Data section:
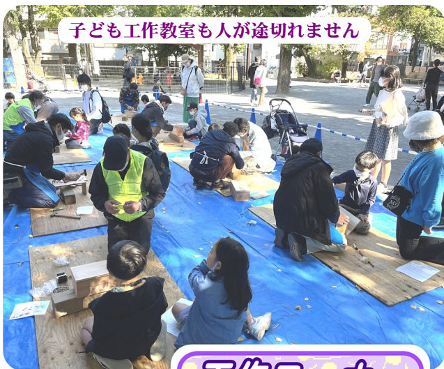
子ども工作教室も人が途切れません
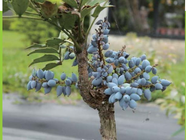
▶ 阿里山十大功勞的漿果，鳥類喜愛啄食。
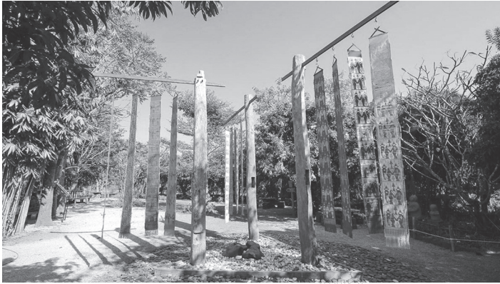
ภาพที่ 1 ศิลปกรรม 4x3=12
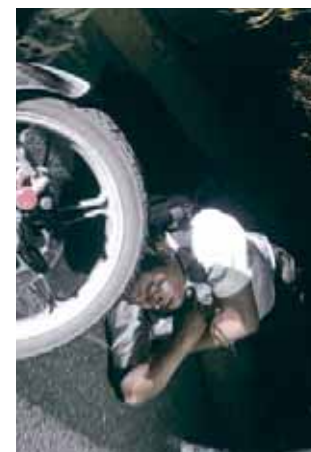
► El joven recibió atención de paramédicos.

What the exercise asks:
From the line containing "ภาพที่ 1 ศิลปกรรม 4x3=12" down to the final line of the material, restate every line word for word, and only those; drop the pictures.

Exercise response:
ภาพที่ 1 ศิลปกรรม 4x3=12
► El joven recibió atención de paramédicos.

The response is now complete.